Data in this exercise START

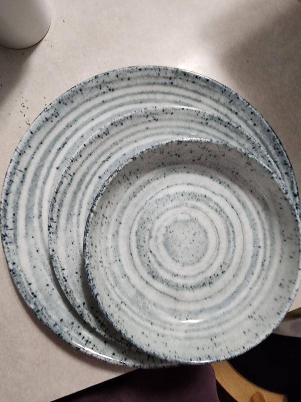 Natura 4 piece place setting in this beautiful blue swirl. I was so excited when I opened the box but then I was quickly disappointed as I only received the 3 piece blue swirl and it was advertised with the black serving bowl which gave the set an edgy look. I received a broken piece of the black bowl not the entire bowl therefore it was not damaged in shipping it just was not included in my box set, I will have to give it 4 stars as it had a missing piece. The set is gorgeous which you will see in my photos, the dishes are a very nice weight not too heavy but of a substantial weight, actually has the expensive look of china/pottery, I am very happy with the fact that this entire set is dishwasher safe, chip and scratch resistant which is a great feature as I have always had to replace other brands because of the scratches on the plates which are not very attractive ! I also bought the set because it is microwave safe but impressively oven proof as well, very rare to find features
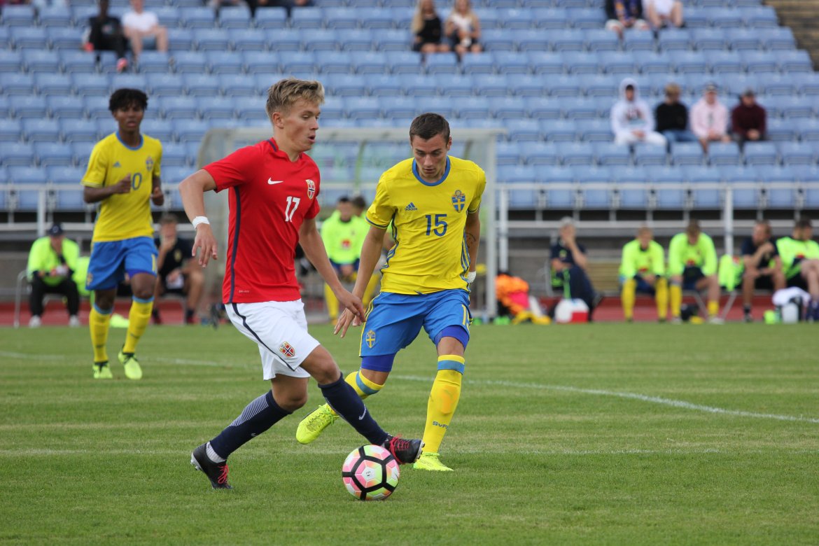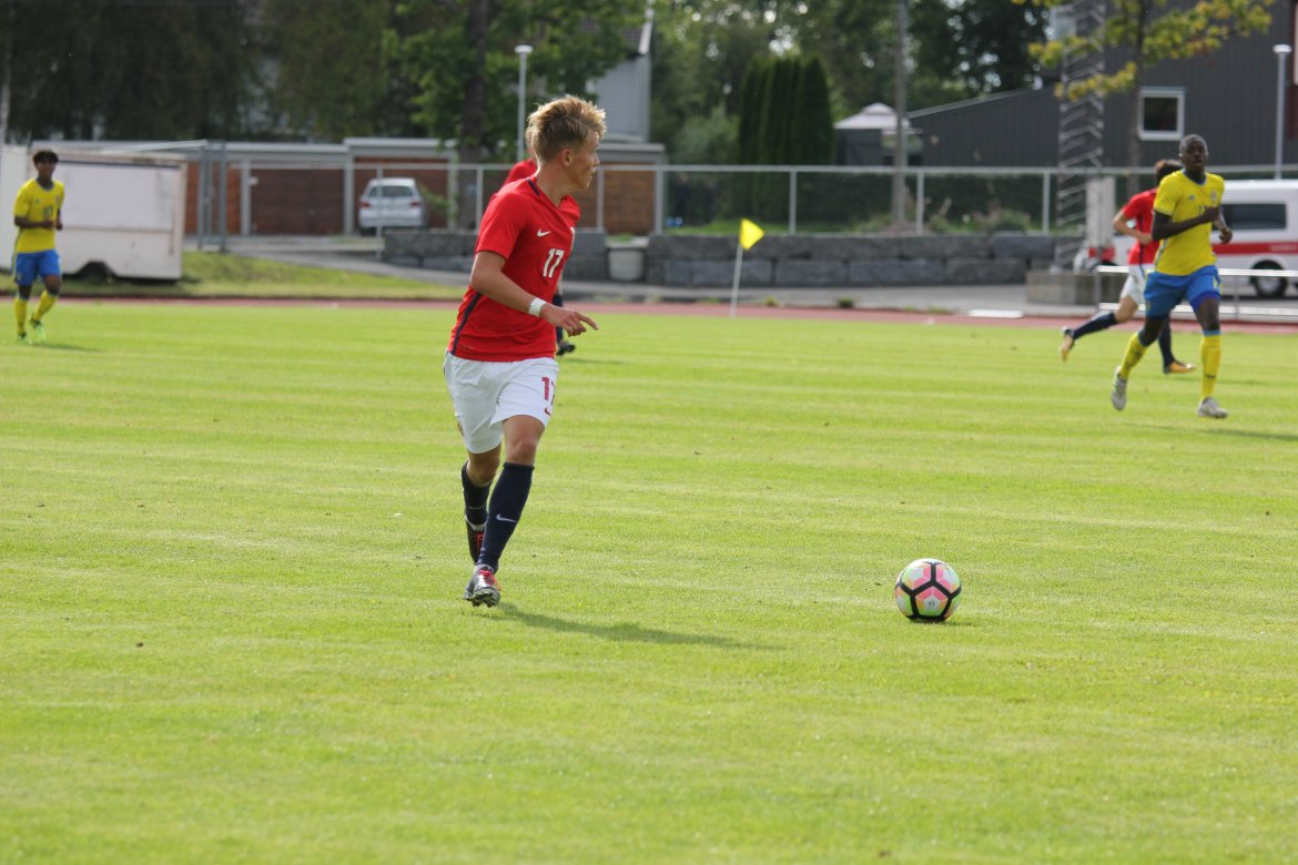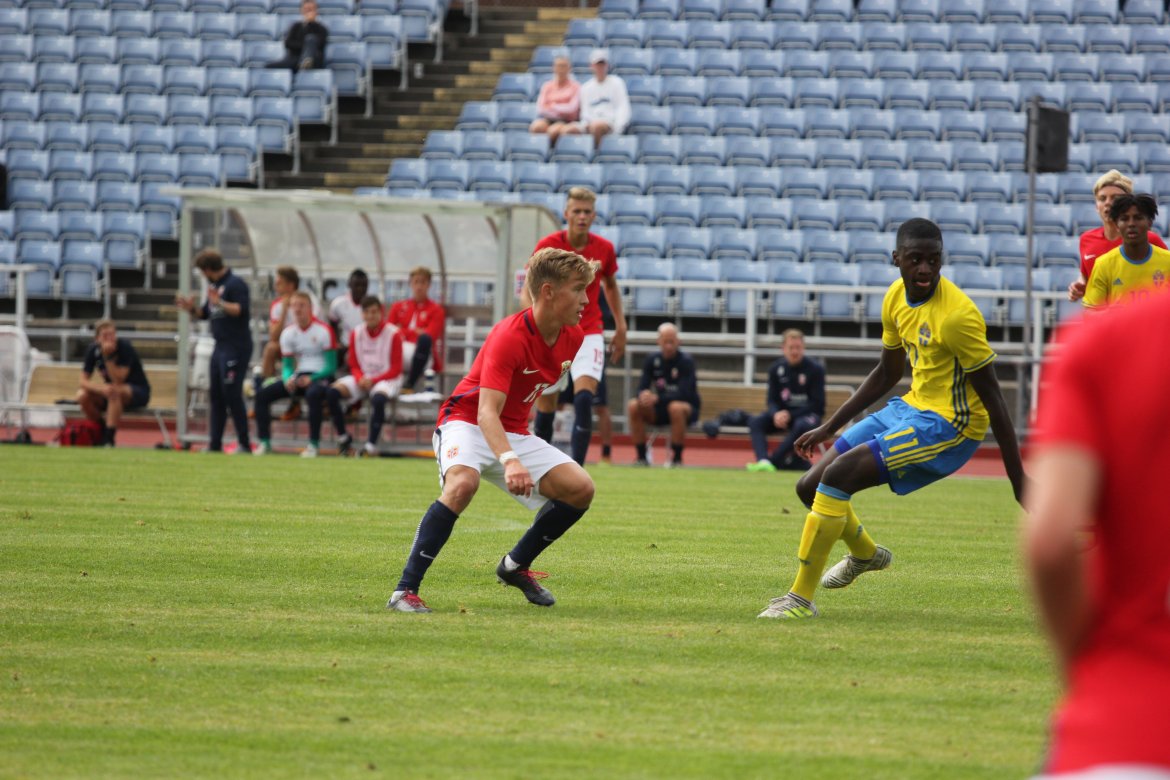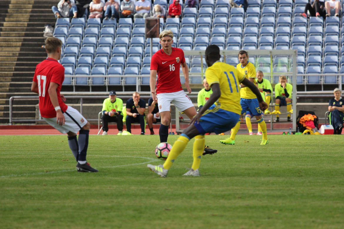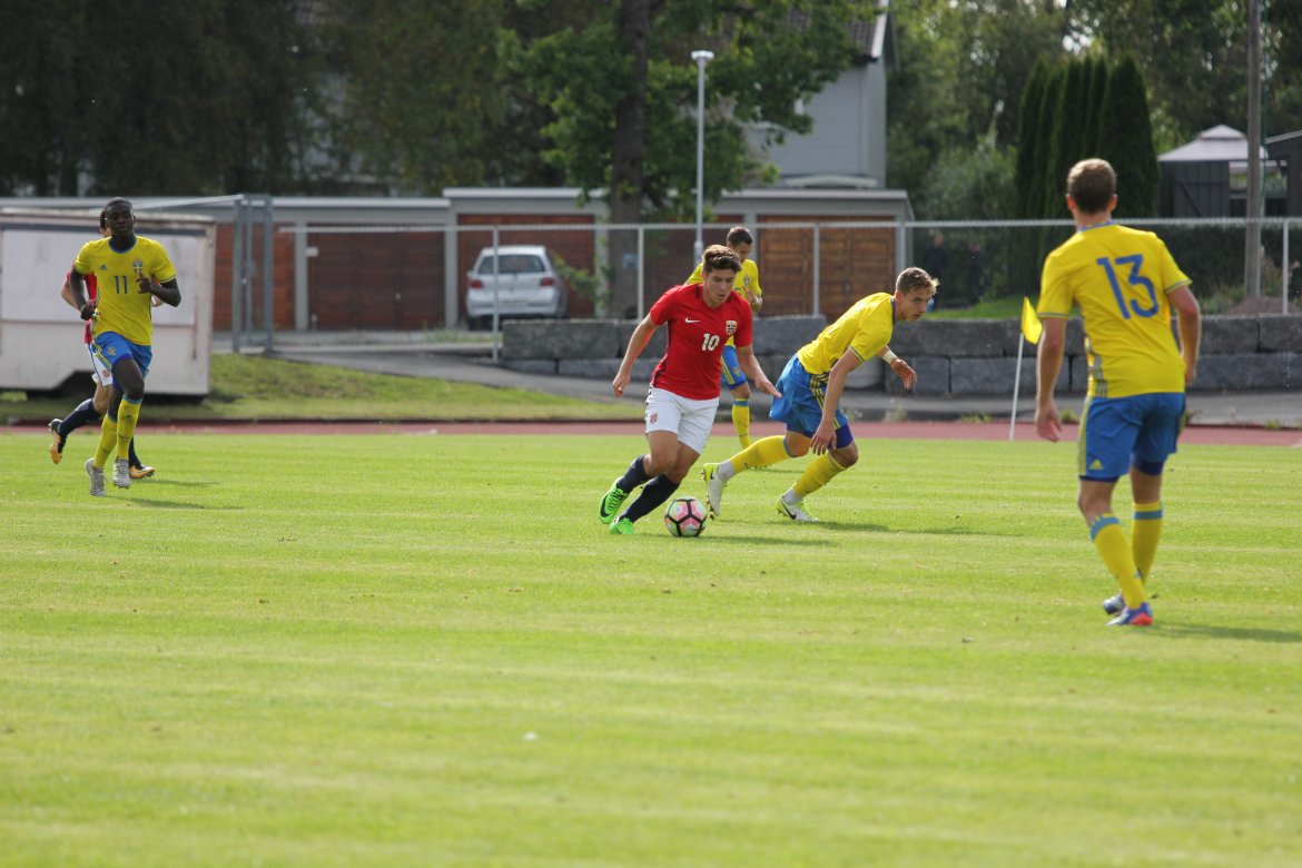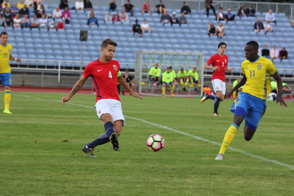Mål: 1-0 Christian Dahle Borchgrevink (1), 1-1 Sverige (6), 2-1 Andreas Ueland (20), 3-1 Erling Braut Håland (23), 3-2, 4-2 Borchgrevink (54)
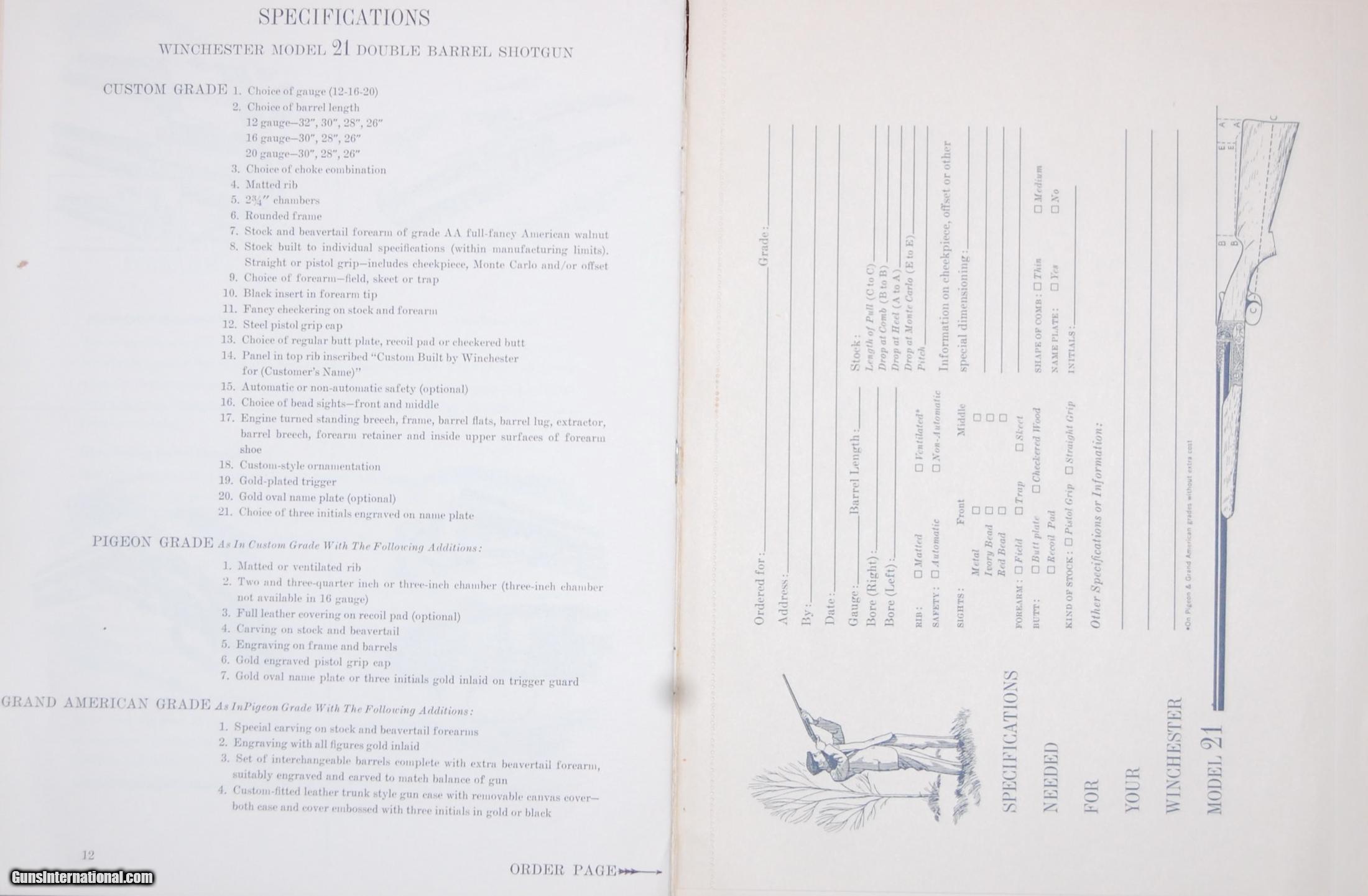 Winchester Model 21 Ten page brochure and order form
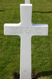 Pfc Richard W. Clark enlisted at Fort MacArthur San Pedro, California on 2 July 1943.He attended San Diego State University for 2 years. He was active in Alpha Phi Omega service fraternity. He never got a chance to appreciate the tourist spots he heard about. In a letter he wrote: "I had thought France was a gay, romantic country, but all I see is rain, mud ad people who look like those in ancient history books."
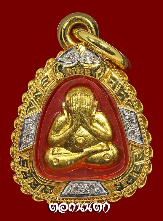 พระปิดตาชินบัญชร หลังรูปเหมือน หลวงพ่อคูณ เนื้อทองคำหมายเลข 190 เลี่ยมทองฝังเพชรแท้1 ตั้งค์ 8 เม็ดอย่างดี พร้อมใช้สวยวิ้งๆ
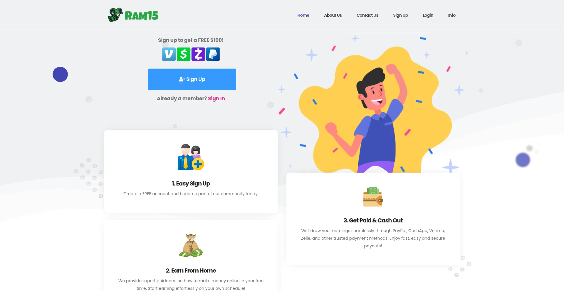 尽管它显示虚假推荐和截图,Ram15.com 遵循快速致富计划的经典模式。它关于轻松被动收入的声明旨在欺骗人们进一步传播诈骗。
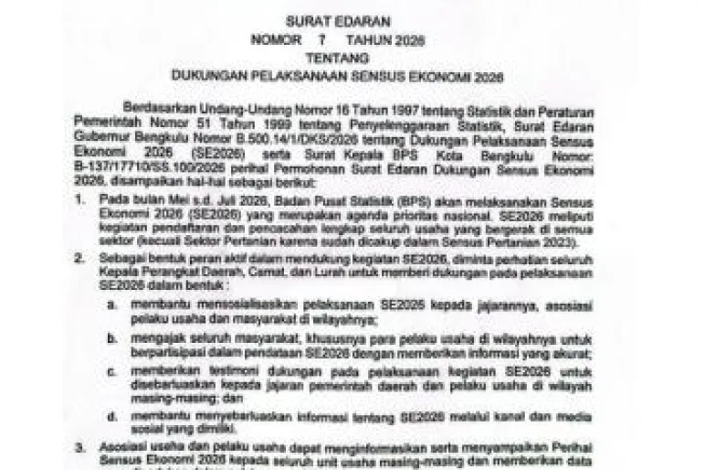 TEROPONGPUBLIK.CO.ID <<<>>> Pemerintah Kota Bengkulu mengeluarkan Surat Edaran Wali Kota Bengkulu Nomor 7 Tahun 2026 tentang dukungan terhadap pelaksanaan Sensus Ekonomi 2026. Kebijakan tersebut diterbitkan sebagai bentuk komitmen pemerintah daerah dalam mendukung pengumpulan data ekonomi yang akurat dan komprehensif di wilayah Kota Bengkulu.
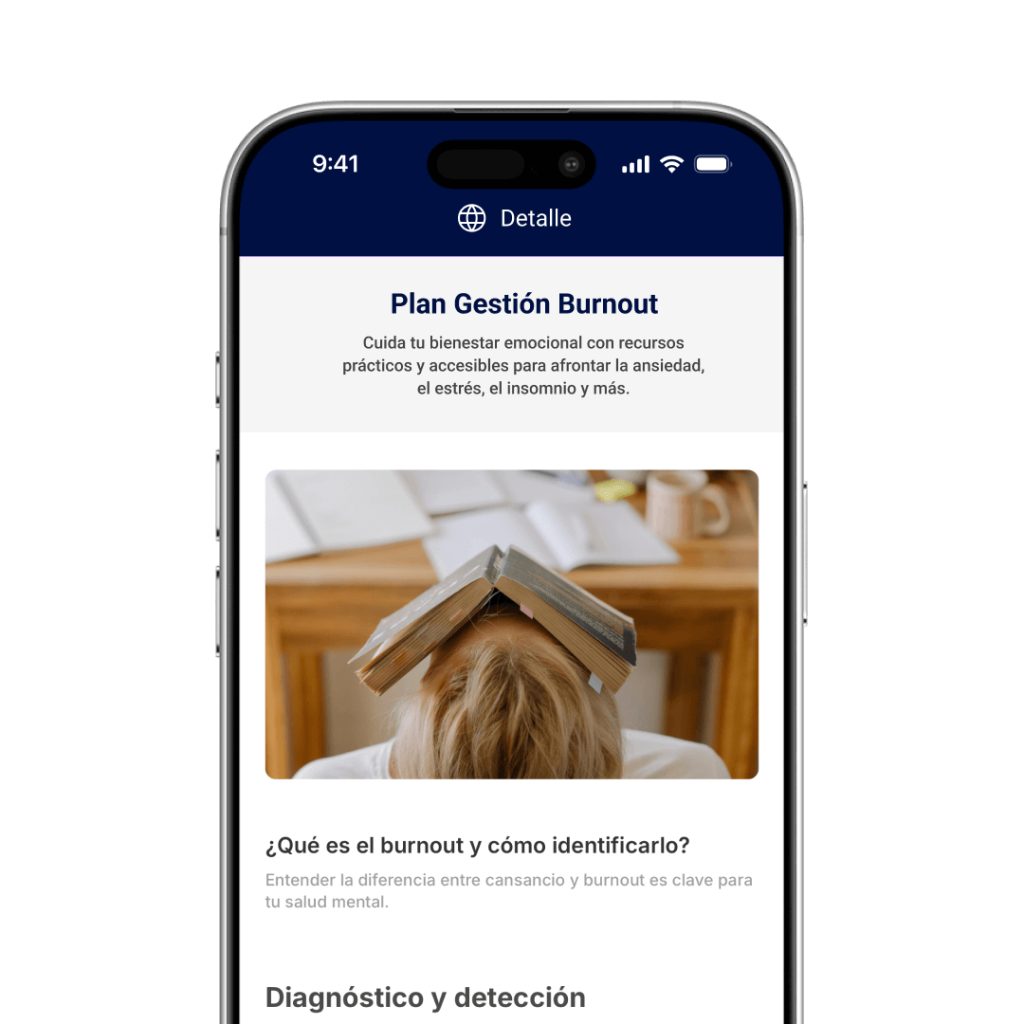Un plan para trabajar el bienestar de forma progresiva con contenido educativo, herramientas de autoevaluación y la posibilidad de hablar con profesionales cuando se necesite.
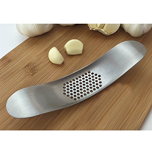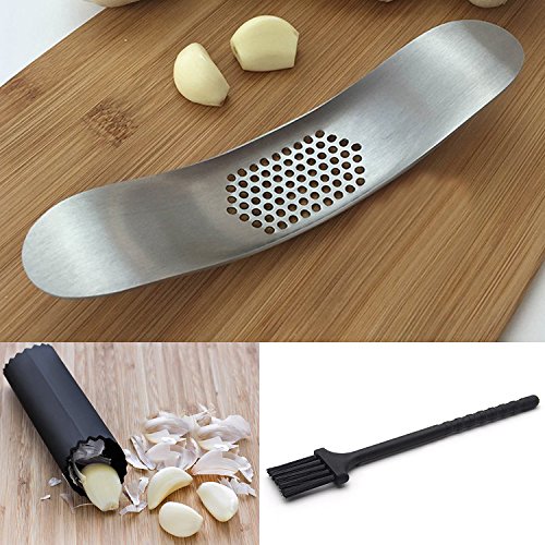 Kangkang@ Rocker Rocking Garlic Press Crusher Stainless Steel Mincer Chopper Home Kitchen Accessory with Garlic Peeler and Cleaning Brush
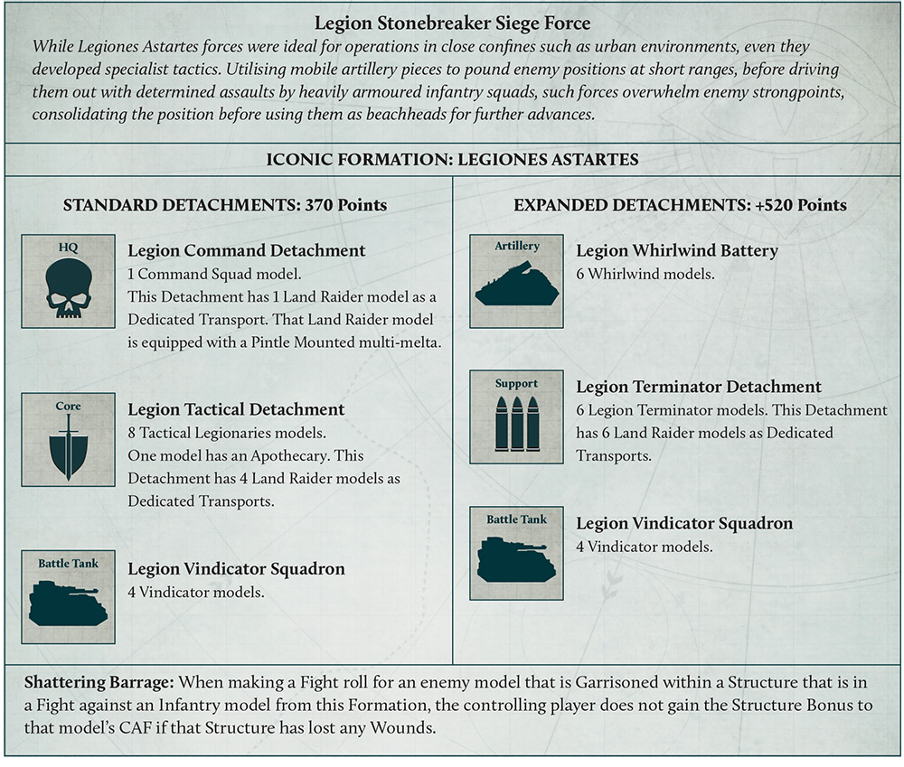 One of the most exciting changes is the rebranding of “Formations of Legend” into Iconic Formations. These don’t just include legendary characters anymore – they now provide unique rules for standard units. The Solar Auxilia Solar Pattern Cohort stacks Veletaris on Dracosans with elite commanders, perfect for a mounted hammer strike. The Legion Stonebreaker Siege Force mixes Vindicators, Whirlwinds, and infantry to wreck fortifications. And classic formations like the Theta-Garmon ‘Deathless’ Sub-Cohort and the White Scars Chogorian Warband still make an appearance, giving you flexibility and narrative flavor in every game.
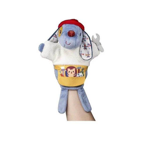 Jules le bricoleur marionnette est toujours prêt à aider ses amis avec une clé de douze à la main ! Il permet de raconter des histoires chaleureuses et pleine de douceur.
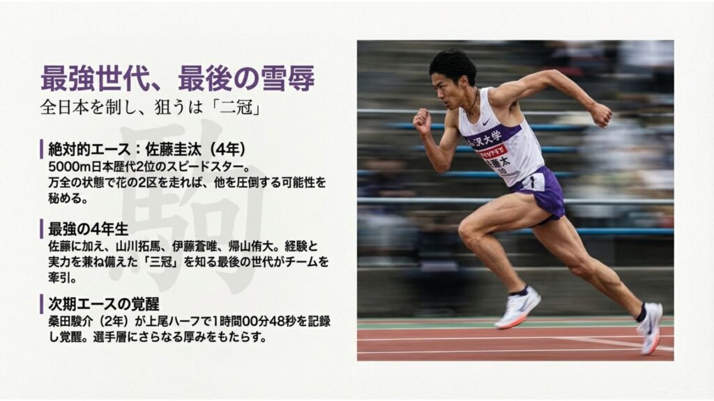 • 絶対的エース: 駒澤の切り札は、5000m日本歴代2位の記録を持つ「スピードスター」**佐藤圭汰(4年)**だ。彼が万全の状態で「花の2区」に投入されれば、その圧倒的なスピードでレースの主導権を完全に掌握する力を持つ。

Data in this exercise END

§ Task prompt
The full data, repeated exactly and stripped of its pictures, is the expected answer.

§ Response area
 Natura 4 piece place setting in this beautiful blue swirl. I was so excited when I opened the box but then I was quickly disappointed as I only received the 3 piece blue swirl and it was advertised with the black serving bowl which gave the set an edgy look. I received a broken piece of the black bowl not the entire bowl therefore it was not damaged in shipping it just was not included in my box set, I will have to give it 4 stars as it had a missing piece. The set is gorgeous which you will see in my photos, the dishes are a very nice weight not too heavy but of a substantial weight, actually has the expensive look of china/pottery, I am very happy with the fact that this entire set is dishwasher safe, chip and scratch resistant which is a great feature as I have always had to replace other brands because of the scratches on the plates which are not very attractive ! I also bought the set because it is microwave safe but impressively oven proof as well, very rare to find features
Mål: 1-0 Christian Dahle Borchgrevink (1), 1-1 Sverige (6), 2-1 Andreas Ueland (20), 3-1 Erling Braut Håland (23), 3-2, 4-2 Borchgrevink (54)
 Winchester Model 21 Ten page brochure and order form
 Pfc Richard W. Clark enlisted at Fort MacArthur San Pedro, California on 2 July 1943.He attended San Diego State University for 2 years. He was active in Alpha Phi Omega service fraternity. He never got a chance to appreciate the tourist spots he heard about. In a letter he wrote: "I had thought France was a gay, romantic country, but all I see is rain, mud ad people who look like those in ancient history books."
 พระปิดตาชินบัญชร หลังรูปเหมือน หลวงพ่อคูณ เนื้อทองคำหมายเลข 190 เลี่ยมทองฝังเพชรแท้1 ตั้งค์ 8 เม็ดอย่างดี พร้อมใช้สวยวิ้งๆ
 尽管它显示虚假推荐和截图,Ram15.com 遵循快速致富计划的经典模式。它关于轻松被动收入的声明旨在欺骗人们进一步传播诈骗。
 TEROPONGPUBLIK.CO.ID <<<>>> Pemerintah Kota Bengkulu mengeluarkan Surat Edaran Wali Kota Bengkulu Nomor 7 Tahun 2026 tentang dukungan terhadap pelaksanaan Sensus Ekonomi 2026. Kebijakan tersebut diterbitkan sebagai bentuk komitmen pemerintah daerah dalam mendukung pengumpulan data ekonomi yang akurat dan komprehensif di wilayah Kota Bengkulu.
Un plan para trabajar el bienestar de forma progresiva con contenido educativo, herramientas de autoevaluación y la posibilidad de hablar con profesionales cuando se necesite.
 Kangkang@ Rocker Rocking Garlic Press Crusher Stainless Steel Mincer Chopper Home Kitchen Accessory with Garlic Peeler and Cleaning Brush
 One of the most exciting changes is the rebranding of “Formations of Legend” into Iconic Formations. These don’t just include legendary characters anymore – they now provide unique rules for standard units. The Solar Auxilia Solar Pattern Cohort stacks Veletaris on Dracosans with elite commanders, perfect for a mounted hammer strike. The Legion Stonebreaker Siege Force mixes Vindicators, Whirlwinds, and infantry to wreck fortifications. And classic formations like the Theta-Garmon ‘Deathless’ Sub-Cohort and the White Scars Chogorian Warband still make an appearance, giving you flexibility and narrative flavor in every game.
 Jules le bricoleur marionnette est toujours prêt à aider ses amis avec une clé de douze à la main ! Il permet de raconter des histoires chaleureuses et pleine de douceur.
 • 絶対的エース: 駒澤の切り札は、5000m日本歴代2位の記録を持つ「スピードスター」**佐藤圭汰(4年)**だ。彼が万全の状態で「花の2区」に投入されれば、その圧倒的なスピードでレースの主導権を完全に掌握する力を持つ。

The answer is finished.